A Mongolian oil company recently decided to withdraw from North Korea, a South Korean government source said, amid growing pressure from the international community after North Korea recently conducted nuclear tests and long-range missile launches.
HBOil JSC, an oil trading and refinery company based in Ulaanbaatar, Mongolia, acquired 20 percent of the North Korean entity Sungri refinery in June 2013, valued at roughly $10 million. In May 2014, the company opened a joint venture in Pyongyang.
The ex-communist country established bilateral ties with the North in 1948, but after this recent decision, the already impoverished North Korea will be further isolated from the international community.

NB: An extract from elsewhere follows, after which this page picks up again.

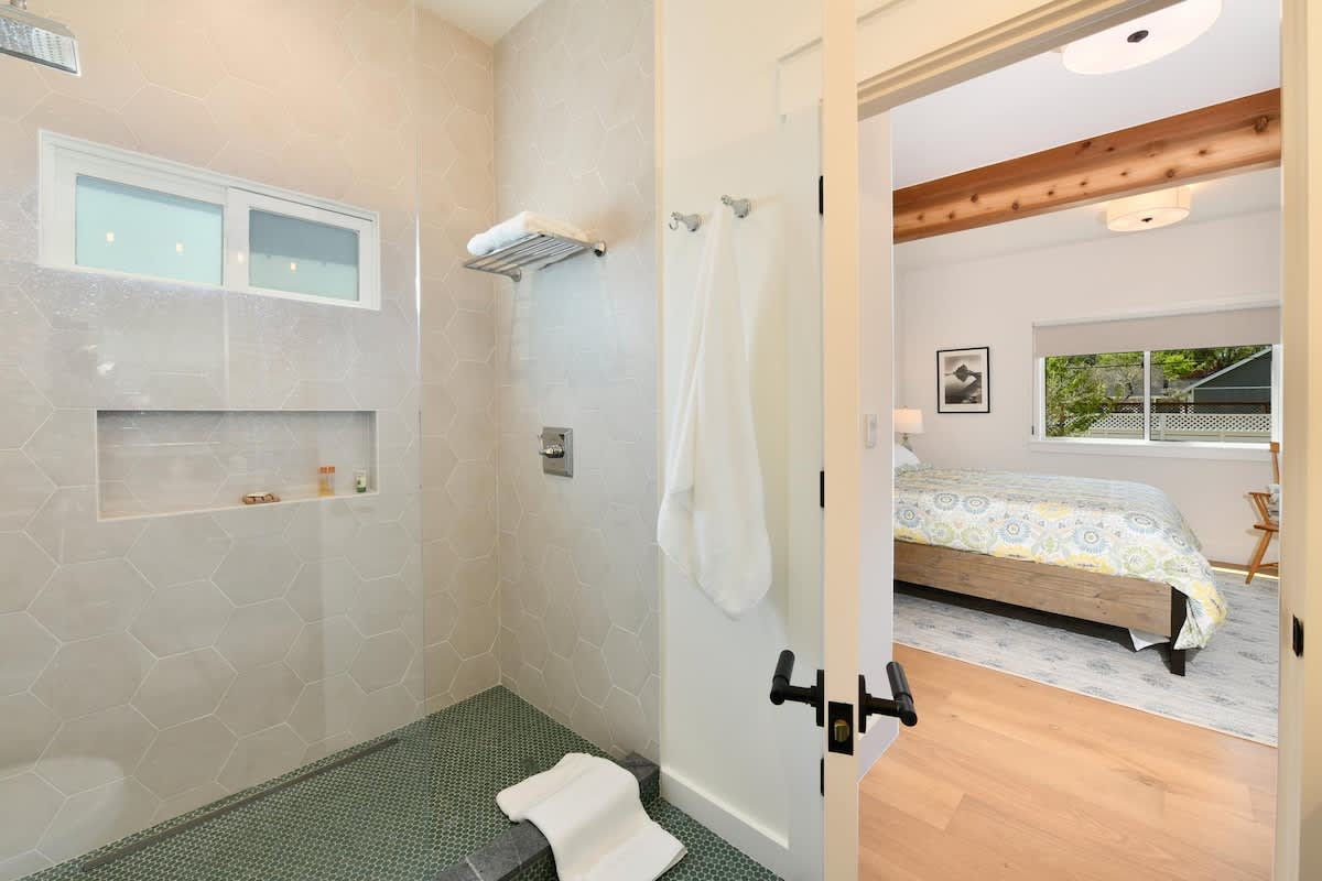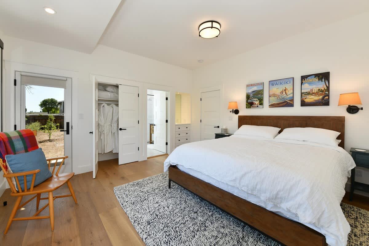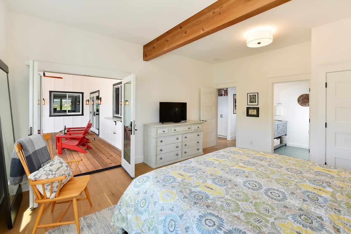 Walk to the historic Healdsburg Plaza from this modern single-level farmhouse. Vineyard Vue features 2 king en-suites, a chef’s kitchen, a wraparound porch, and vineyard vistas. Enjoy complimentary wine tastings at Merriam Vineyards and Orsi Family Vineyards.

“Mongolia is sending a message to North Korea: don’t fall down the wrong path,” said Nam Sung-wook, professor at Korea University’s Department of North Korean Studies.
North Korea formerly attracted foreign investment to resume operations of the Sungri refinery, which stopped running in 2009, in order to push for economic development. The deal with Mongolia, begun almost three years ago, was taken as evidence that North Korea wass seeking further investment partners-in addition to China.
However, the North Korean government continually delayed the inland oil development project, failing to provide reasonable explanations. Mongolia may therefore have concluded that there was no practical benefit to continuing the project.
Bilateral ties between the two countries recently turned bitter when Mongolian president Tsakhiagiin Elbegdorj said Mongolia could not endure the North’s tyranny forever, a remark made during his speech at Kim Il-sung University in Pyongyang at the end of October 2013.
“No tyranny lasts forever. It is the desire of the people to live free, that is the eternal power,” the president said in his speech. After his remarks, North Korean leader Kim Jong-un expressed disappointment and refused to hold meetings with the Mongolian president.